The AI Agent Audit Trail You're Already Building

A platform-engineering lead got three questions in one week:

The CFO: "What does it cost to serve customer X this quarter?"
The auditor: "Show me evidence that the agent's spending was authorized, with rationale and timestamp."
The data team: "Why is our AI bill 6× engineering's? Can you break it down by team?"

Three different stakeholders. Three different vocabularies. One underlying need: a record of every agent action — who, what, when, how much, and with what authority.

The lead's existing tools couldn't answer any of them cleanly. The provider invoice was one line. The APM trace had spans but no costs. The SIEM logged tool calls but not money. Each question would have meant a separate instrumentation project.

It turns out the data was already there. The team had deployed Cycles for runtime authority — to stop runaway spend and block risky actions before they execute. The byproduct of that enforcement is a ledger-ready record of every metered agent action: structured, idempotent, attributable, and exportable into audit, finance, and observability systems. The lead had been sitting on the answer to all three questions for months.

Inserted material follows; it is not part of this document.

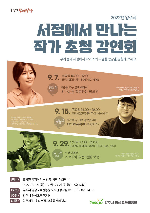 참여신청은 양주시 도서관 홈페이지 를 통해 가능하며 선착순으로 강연별 15명을 모집한다.

This post is about that byproduct. What runtime authority also gives you when you turn it on, and why three different teams in your org each get something they've been struggling to build.

What runtime authority actually persists

The core Cycles lifecycle is reserve → execute → commit or release, with decide() available as an optional preflight check before reservation. The framing in the docs is a control story — no action proceeds until the budget is locked, and we know exactly how much was used after. That control story is the headline.

The bookkeeping story is the byproduct. Each operation produces a structured record:

Operation	What it records	Why it matters as evidence
`decide()` (optional preflight)	subject scope, action kind/name, estimate, decision (`ALLOW` / `ALLOW_WITH_CAPS` / `DENY`), `reason_code`, `affected_scopes`, `idempotency_key`, timestamp	Pre-action authorization with machine-readable rationale
`reserve`	actual lock against the budget, hold token, expiry	Authoritative "we said yes and here's what we held"
`commit`	actual cost (separate from estimate), final balance impact, lifecycle close	Authoritative "this is what was used"
`release` / `expired-reservation`	unused portion returned to the budget	Authoritative "this is what was given back"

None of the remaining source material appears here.